Het licht van een nieuwen dag was over Egypte opgegaan. De overvloedige dauw van den nacht, die aan de oevers van den Nijl den regen vervangt, lag als smaragden en edelgesteenten op de bladeren en in de bloemkelken. De zon was nog maar weinige oogenblikken te voren in het oosten verrezen, en de door den frisschen noordwestenwind bekoelde morgenlucht lokte een ieder uit, om zich te vermeien in de vrije natuur, voordat de drukkende warmte van den middag dit bijkans onmogelijk zou maken.

Uit het ons welbekende landhuis traden twee vrouwen te voorschijn, de oude slavin Melitta en Sappho, de kleindochter van Rhodopis.
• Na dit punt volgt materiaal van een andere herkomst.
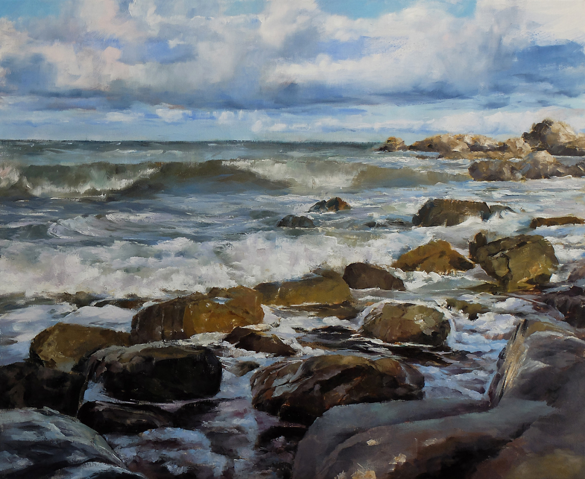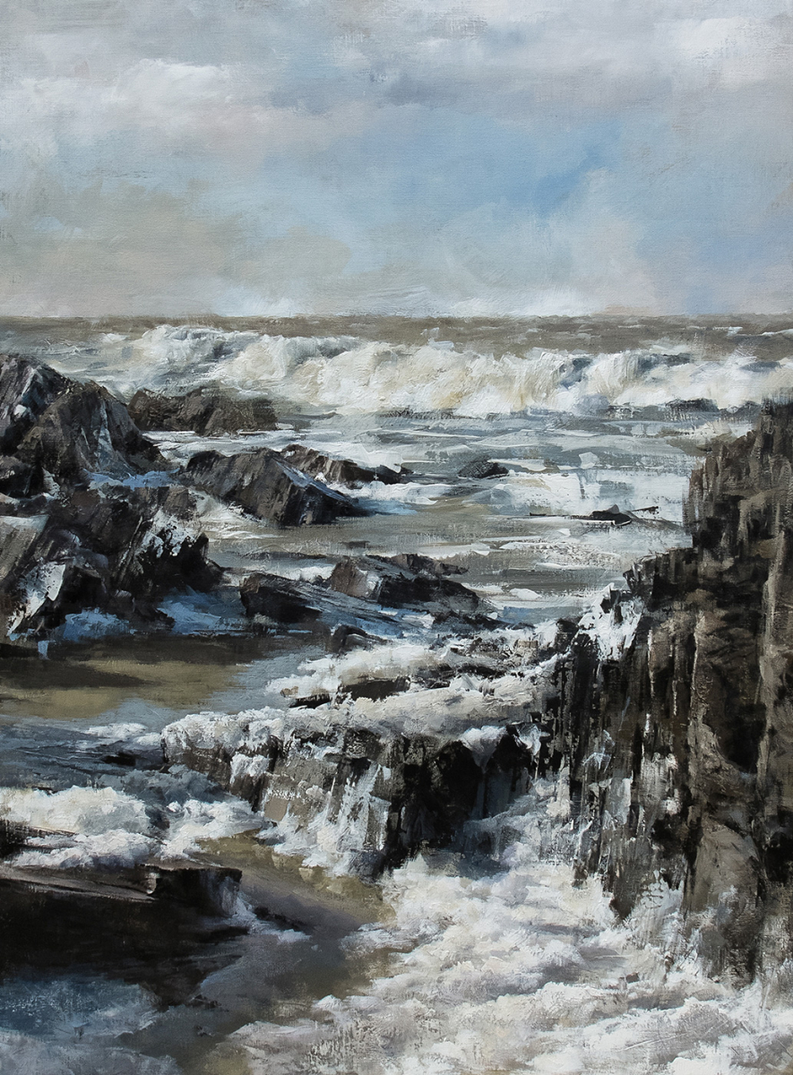 Clapot de la marée montante entre deux rochers. Huile sur toile - 81cm x 65cm © Valérie Le Merrer

Als eene gazelle huppelde het aanvallige meisje door den tuin. Zij was ook nu, evenals toen wij haar in den slaap bewonderden, bekoorlijk in hare maagdelijke schoonheid. Bovendien speelde er thans een schalksche trek om haren rooskleurigen mond, en om de kuiltjes in kin en wangen. Het volle bruine haar vertoonde zich als ter sluiks van onder den purperrooden hoofddoek, en het lichte witte morgengewaad met wijde mouwen fladderde los en vrij om hare buigzame leden.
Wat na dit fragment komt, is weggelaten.